Below are entries; output exactly the lines from the one with "Pudełka wykonane z" to the one with "The Board &", both included, and nothing else.

#### [Given records]
::::::::
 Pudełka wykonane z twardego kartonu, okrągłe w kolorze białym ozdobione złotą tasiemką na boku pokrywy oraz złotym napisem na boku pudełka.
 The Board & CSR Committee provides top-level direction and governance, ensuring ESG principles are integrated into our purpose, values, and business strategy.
::::::::
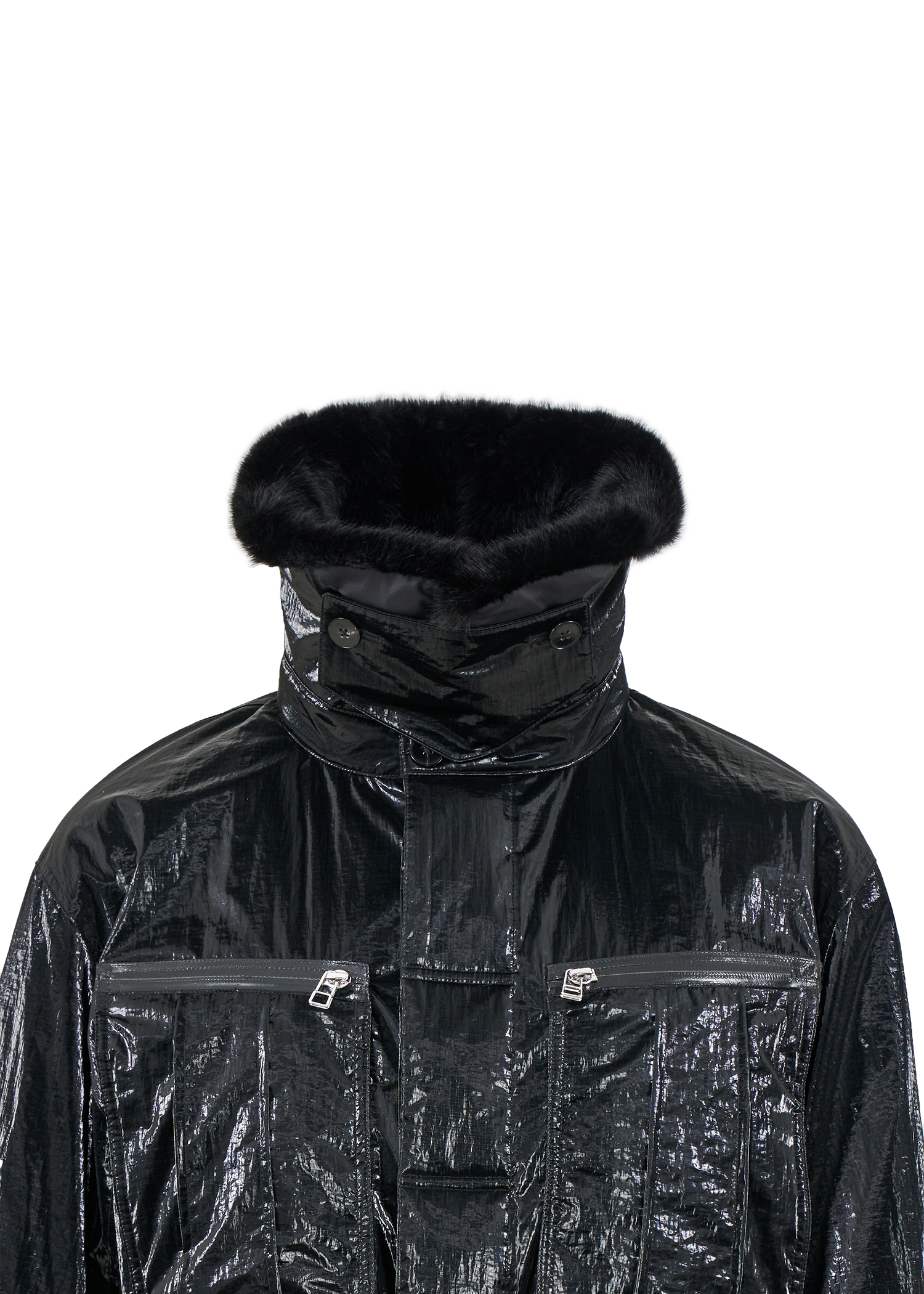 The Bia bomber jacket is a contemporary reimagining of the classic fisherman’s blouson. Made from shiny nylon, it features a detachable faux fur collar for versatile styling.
::::::::
#### [Written reply]
 Pudełka wykonane z twardego kartonu, okrągłe w kolorze białym ozdobione złotą tasiemką na boku pokrywy oraz złotym napisem na boku pudełka.
 The Board & CSR Committee provides top-level direction and governance, ensuring ESG principles are integrated into our purpose, values, and business strategy.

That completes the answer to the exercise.